The vector OI equations are:

$$ \begin{align*} K = & \Gamma_b H^T \left(H\Gamma_bH^T+\Gamma_r\right)^{-1} \\
\vec{\mu}_a = & \vec{\mu}_b + K\left(\vec{z}-H\vec{\mu}_b\right) \\
\Gamma_a= &\left(I-KH\right)\Gamma_b \end{align*} $$

- Assume that $\mu$ has shape nx1, and that $z$ has shape px1.
- What are the shapes of $H$, $\Gamma_b$, $\Gamma_r$, and $K$?

### What is the role of the covariances in OI?

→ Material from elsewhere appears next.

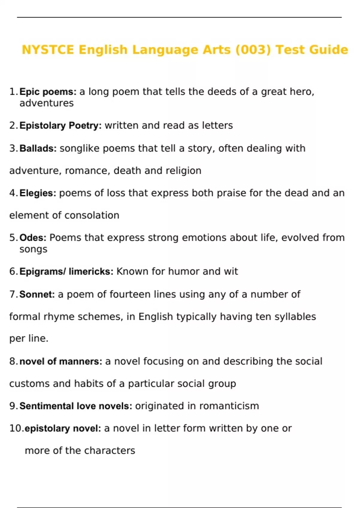 NYSTCE English Language Arts (003) Test Guide 1. Epic poems: a long poem that tells the deeds of a great hero, adventures

- This is easiest to see with the scalar OI analysis equation:
$$\begin{align*}x_a = &  \frac{\sigma_B^2}{\sigma_R^2+\sigma_B^2} z + \left(1-\frac{\sigma_B^2}{\sigma_R^2+\sigma_B^2}\right)x_b \\
= & \frac{\sigma_B^2}{\sigma_R^2+\sigma_B^2} z + \frac{\sigma_R^2}{\sigma_R^2+\sigma_B^2}x_b \end{align*}$$

- $x_a$ is a weighted average of $z$ and $x_b$, and the weights are determined by the relative certainty in $z$ and $x_b$
  - e.g. if $\sigma_B \gg \sigma_R$ then $x_a \approx z$.    

- Imagine that we set $\sigma_B' = q \sigma_B$ and $\sigma_R' =  q \sigma_R$. This will have no impact on $x_a$! 

- However it will change the final analysis covariance: ${\sigma_a '}^2 = (1-K){\sigma_b '}^2 = q \sigma_a $

- So to understand the errors its best to look at $\sigma_a$ to understand the uncertainties in our estimate. 

### What is the code example in the notes doing? 

- This example will make much more sense if you look at the labs solution 2.1 as well as the Kalman Filtering example. 
  - Actually how I made this was I did the Kalman filtering example first, and then I downgraded it into an OI code, hence the naming convection. 

- Remember that the equation that we are simulating looks like:
$$ \begin{align*} x_{k} = & x_{k-1} -\frac{dt}{\tau} x_{k-1} + B \sqrt{dt} w_k \\ 
  z_k = & x_k + R u_k \end{align*}$$

- Numerically, we can solve this as $$x_k = \exp\left(-\frac{dt}{\tau}\right) x_{k-1} + B \sqrt{dt} w_k$$
  In the code, Am = $\exp\left(-\frac{dt}{\tau}\right)$

- The code operates by creating an estimate of the true state called Xfilter (named after the Kalman Filter), which is the estimate of the true state. 
  
- If there isn't an observation available, then we make a forecast of Xfilter at the next step, e.g.

```
Xforecast = np.dot( Am, Xfilter[:,i-1] ) 
# part of the if statement we don't visit if no obs...
Xfilter[:,i] = Xforecast 
```

- If there is an observation to use then we update this using the observations we have 

``` 
Xforecast = np.dot( Am, Xfilter[:,i-1] ) 
Xfilter[:,i] = Xforecast*(1-K) + Zobs[:,i]*K
```

- This is why the estimate has a very "spiky" nature to it, we're updating suddenly at specific times which creates sharp jumps.